Lechia Gdańsk pokonała we wczorajszym meczu ekstraklasy Lecha Poznań 1-0. Pomimo porażki ze świetnej strony zaprezentował się zawodnik gości, Robert Gumny. Młody piłkarz przeprowadził fantastyczną akcję, o której mówią dziś polscy kibice.
Lech Poznań przegrał we wczorajszym meczu z Lechią Gdańsk 0-1. Gola dla ekipy z Pomorza zdobył w 10. minucie spotkania Artur Sobiech. Gracze z Wielkopolski próbowali doprowadzić do remisu, jednak ich próby spaliły na panewce i nie podtrzymali dobrej passy. W poprzedniej kolejce, w pierwszym meczu po zwolnieniu Adama Nawałki, zwyciężyli bowiem na własnym boisku 3-2 z Pogonią Szczecin.

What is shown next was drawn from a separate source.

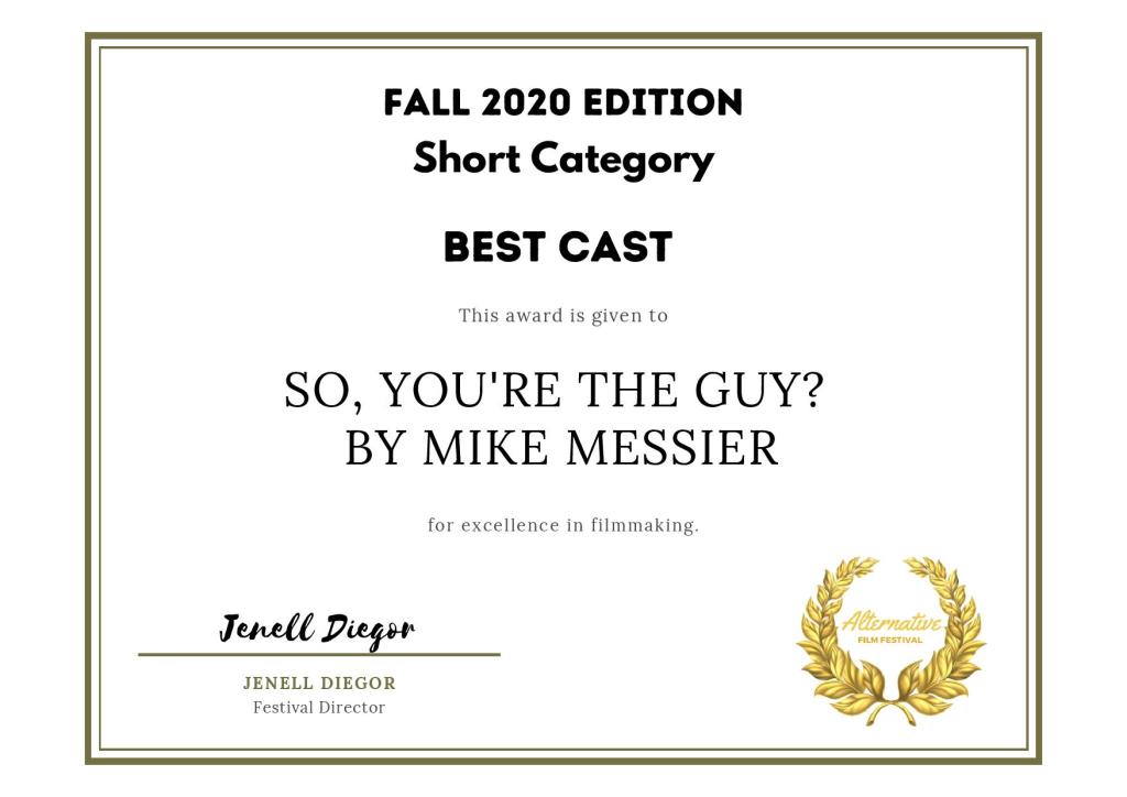 UPDATE: Happy to Announce that Nassau Film Festival https://nassaufilmfestival.org/ 2021 has Awarded the prestigious Princeton Tiger Award 2021 to So, You’re the Guy? Thanks to NFF Founder and Festival Director Lew Goldstein and his hard-working crew at the festival for this great award. In previous years, Mike was able to attend the 2017 and 2018 festivals to support his other short films “Thanksgiving” and “Breakfast with Kurt” which also won Awards at Nassau Film Festival.

Jasnym punktem w zespole „Kolejorza” był młody boczny obrońca, Robert Gumny. Zawodnik zaprezentował kapitalną sytuację, o której mówią dziś polscy kibice. Piłkarz, który po zakończeniu sezonu najprawdopodobniej wyjedzie do jednego z zachodnich klubów, przeprowadził drybling, którego nie powstydziłby się nawet Leo Messi.

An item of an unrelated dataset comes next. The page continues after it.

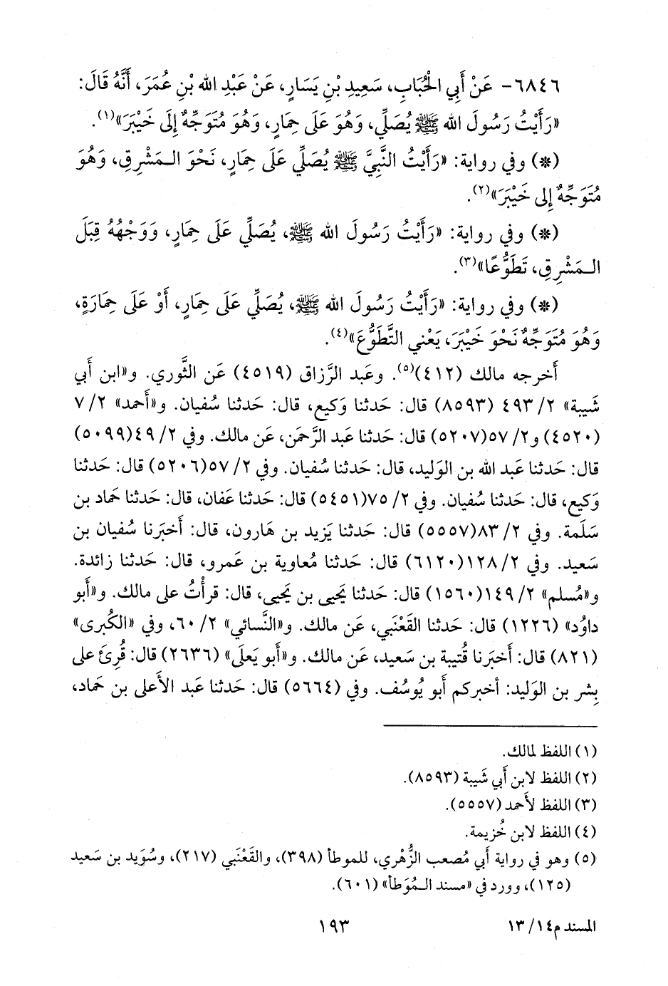 - قال أَبو عبد الرَّحمَن النَّسَائي: لم يتابع عَمرو بن يحيى على قوله: «يصلي على حمار» إنما يقولون: «يصلي على راحلته».

Robert Gumny wpadł w pole karne Gdańszczan, a tam bezczelnie ograł dwóch zawodników Lechii. Jednemu z nich założył nawet siatkę. Następnie próbował dograć piłkę do jednego ze swoich kolegów, jednak w ostatniej chwili inny defensor zespołu prowadzonego przez Piotra Stokowca przechwycił futbolówkę i wyekspediował ją w pole. Wyglądało to tak:
Robert Gumny ma 20 lat i jest prawy obrońcą Lecha Poznań. Występuje też w reprezentacji młodzieżowej Czesława Michniewicza, która w lecie zagra na Mistrzostwach Europy. Wiele wskazuje na to, że Gumny będzie podstawowym zawodnikiem zespołu na zbliżającym się prestiżowym turnieju.